Infraadvanced

Application Monitoring (APM)

Monitor application performance, trace requests across services, and identify bottlenecks using APM instrumentation.

Also known as: APM, application performance monitoring, application monitoring, performance monitoring, tracing

Description

Application Performance Monitoring (APM) provides deep visibility into application behavior by automatically instrumenting code to track request traces, database queries, external HTTP calls, and resource utilization. APM tools capture the full lifecycle of each request as a distributed trace, breaking it into spans that represent individual operations (route handler, database query, cache lookup, external API call) with precise timing information.
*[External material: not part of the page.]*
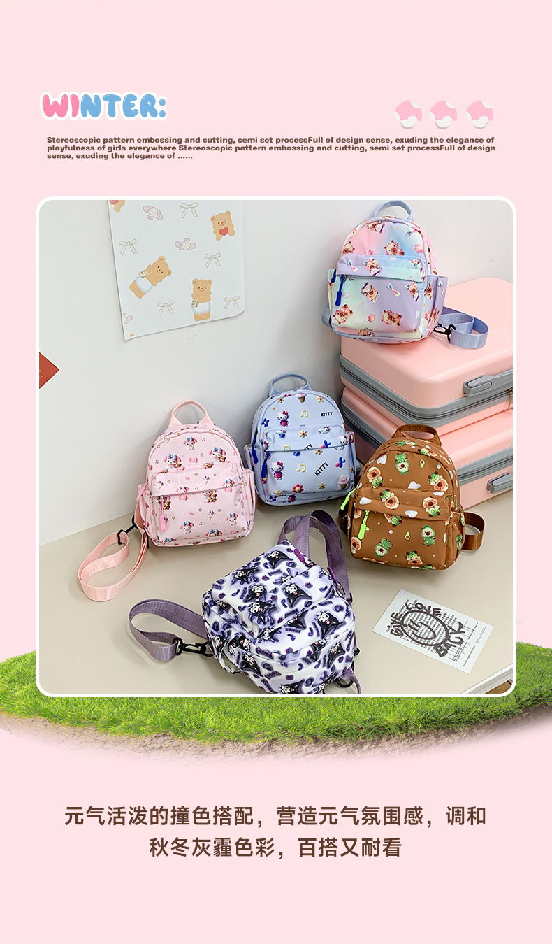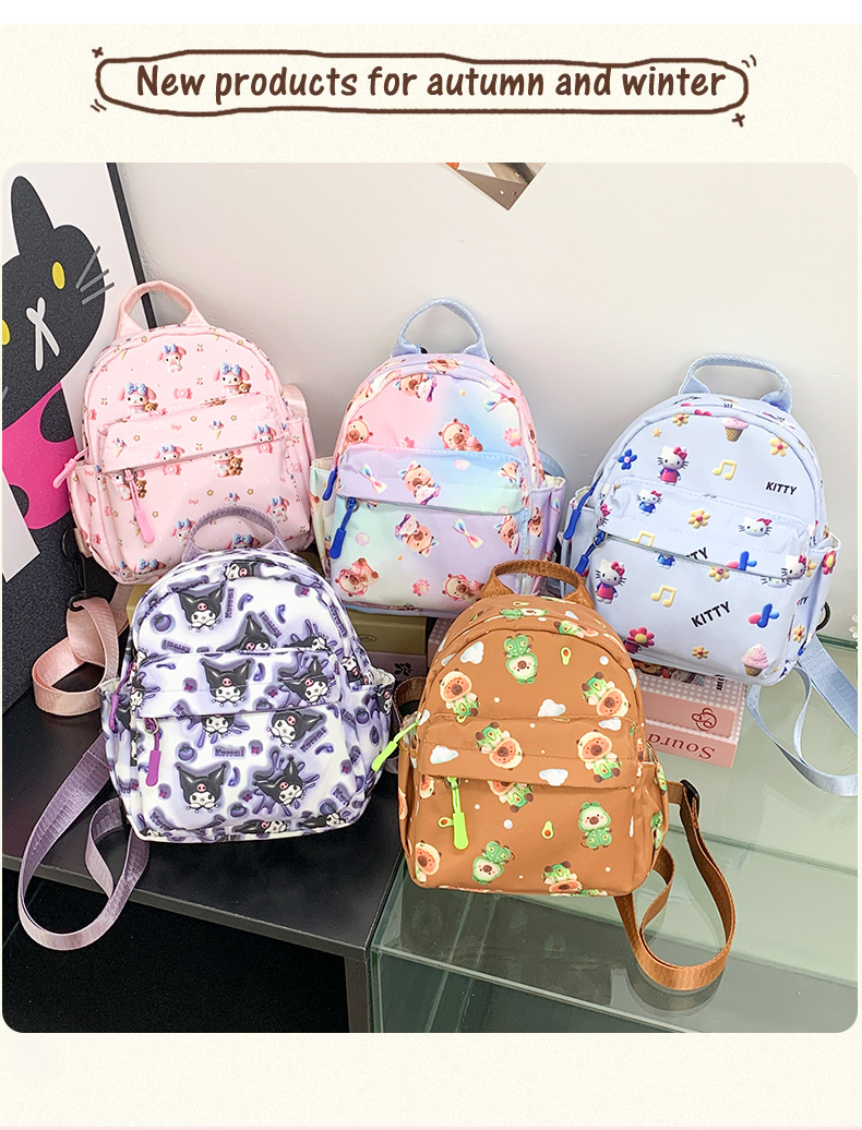 국경 간 만화 산리오 배낭 Kuromi 어린이 작은 학교 가방 Capibala 배낭 귀여운 학생 가방스토어 가기

Modern APM solutions follow the OpenTelemetry (OTel) standard, which provides vendor-neutral instrumentation APIs, SDKs, and auto-instrumentation libraries. OTel collects three signals: traces (distributed request paths), metrics (counters, gauges, histograms for throughput, latency, error rates), and logs (correlated via trace context). This data is exported to backends like Datadog, New Relic, Grafana Tempo, Jaeger, or AWS X-Ray for visualization and alerting.

Key APM metrics include request throughput (requests per second), error rate (percentage of failed requests), and latency percentiles (p50, p95, p99). The RED method (Rate, Errors, Duration) and USE method (Utilization, Saturation, Errors) provide frameworks for monitoring services and resources respectively. APM enables identifying slow database queries, N+1 query patterns, external service latency, memory leaks, and connection pool exhaustion. Alerting should be based on SLOs (Service Level Objectives) such as 'p99 latency under 500ms for 99.9% of 5-minute windows.'

Prompt Snippet

Integrate OpenTelemetry for distributed tracing using @opentelemetry/sdk-node with auto-instrumentation for HTTP, Express, PostgreSQL (pg), and Redis (ioredis). Configure the OTLP exporter to send traces and metrics to a Grafana Tempo/Mimir backend via the OTel Collector running as a sidecar. Set sampling to 10% for normal traffic and 100% for requests with errors or latency >1s (tail-based sampling in the collector). Propagate W3C trace context headers (traceparent, tracestate) across service boundaries. Define SLO-based alerts: error rate <0.1% and p99 latency <500ms evaluated over 5-minute windows, firing to PagerDuty when budget burn rate exceeds 10x.